I think a good aero tuck and relaxing and trying to be fluid in your movements counts for a lot. I also knew that hill well so knew I could go for it almost all the way down.

On other descents the fear has set in for me and I have ended up braking all the way down a hill.
 

ColinJ

Puzzle game procrastinator!
Yellow Fang said:
I'm 11 stone, so not the lightest. I tend to pump my tyres up to 100psi. I don't think my hubs are that bad. It's a mystery.
It isn't a mystery, unless the people you can't keep up with all weigh less than 11 stone!

Last week, I mentioned elsewhere on the forum a ride I did with a married couple that I know. On the way home we began a long descent into a headwind. 7.5 stone wife at the front was pedalling like crazy but getting nowhere fast, so her 13 stone husband overtook her, pedalling steadily. I currently weigh 15 stone, I wasn't pedalling - I just got my chin down on the bars and I shot past the pair of them! I got to the bottom of the hill long before my mate, and his wife took about another minute and was knackered by the time she got there. Extra weight slows you down going uphill and speeds you up going down.

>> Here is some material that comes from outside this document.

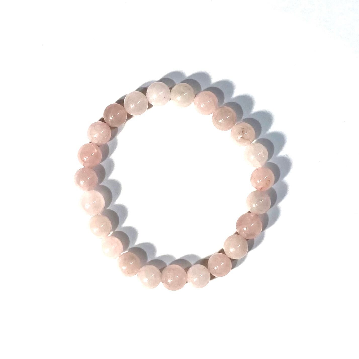 こちらは、ローズクォーツの8mm玉を使用したパワーストーンブレスレットです。シンプルなデザインは、シーン問わずどんなコーディネートとも合わせ易いブレスレットです。内周 約19cmです。気になる方はお早めにどうぞ。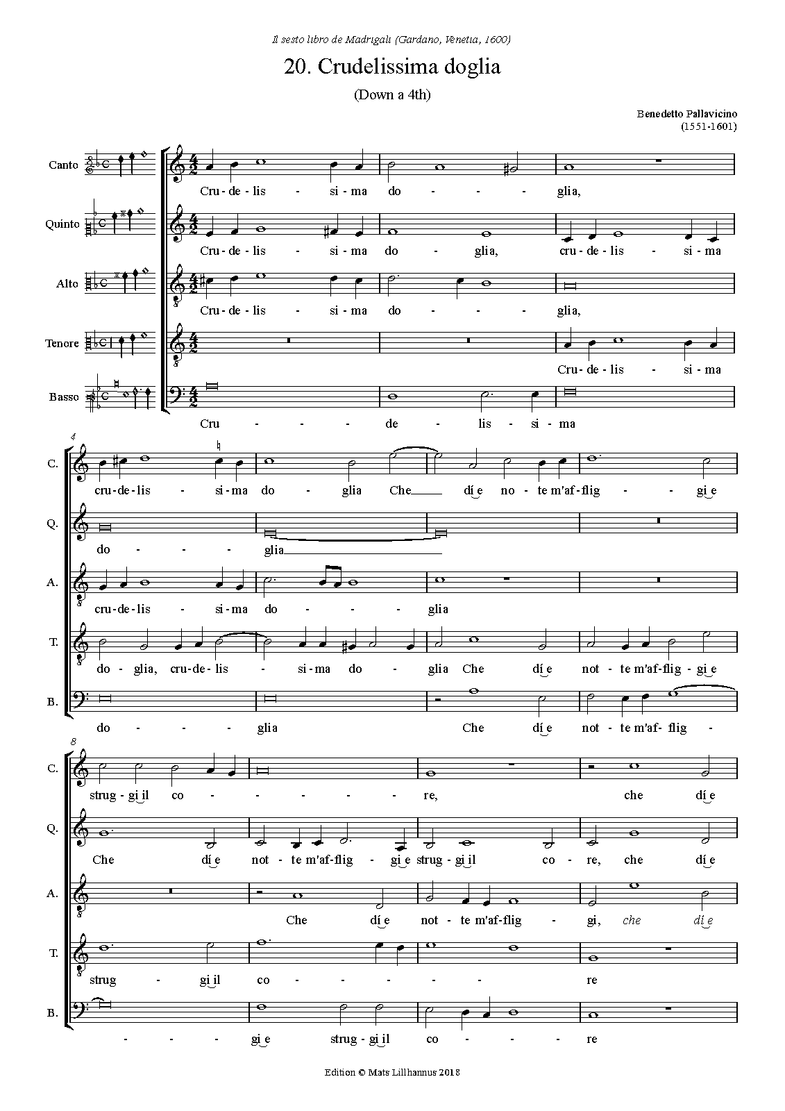 | First Publication. | 1600 in Madrigali a 5 voci, Libro 6 (Venice: Angelo Gardano), no.19 |

I had a laugh in Spain once. I was slogging my way up a long switch-backed climb and I looked down a few bends and saw a fit-looking cyclist racing up towards me. It turned out to be a young woman - very petite, and very fit. She slowed briefly as she passed me, smiled and said "Keep going it's only about 800 metres to the top!" then she shot off and left me for dead. I looked up the hill and saw her go over the top and begin her descent. A couple of minutes later I got up there and set off in pursuit. I went past her at 70 kph just before the bottom of the hill and then meandered along the flatter road at the bottom to give her a chance to catch up. When she came alongside me she was red-faced from her exertions. She told me that she'd been spinning out in her 53/13 and asked how I'd managed to catch her. She didn't believe me when I told her that I'd hardly had to pedal... :sad:
 

Fab Foodie

hanging-on in quiet desperation ...
Location
Kirton, Devon.
I think descending is a skill that like any others comes with practice.
Tomorrow I'll be riding our "Hilly" club night circuit, there is a shortish steep and windy downhill section where early last year I'd be on the brakes and everybody would fly by me. Each successive lap I let the bike roll a bit freer and relaxed and was soon carving a nice 42 mph with a grin on my face and staying in contention.
Later in the season I went to French/Spanish borer on the Med' and climbed some of the big lumps there. The first few descents scared me witless. I found a nice twisty stretch to practice every other day until my confidence in myself, the bike, the brakes and the tyres improved. At the end of the week I descended Ventoux at an average 40 mph topping 49 on the straights. The corners were a blast, arse back, pick a line, handfuls of brakes, get low, lean in and hope!
Without the constant practice I would not have had the balls confidence to be so relaxed, to brake soooo hard and to lean the bike so far... and to have smiled so much!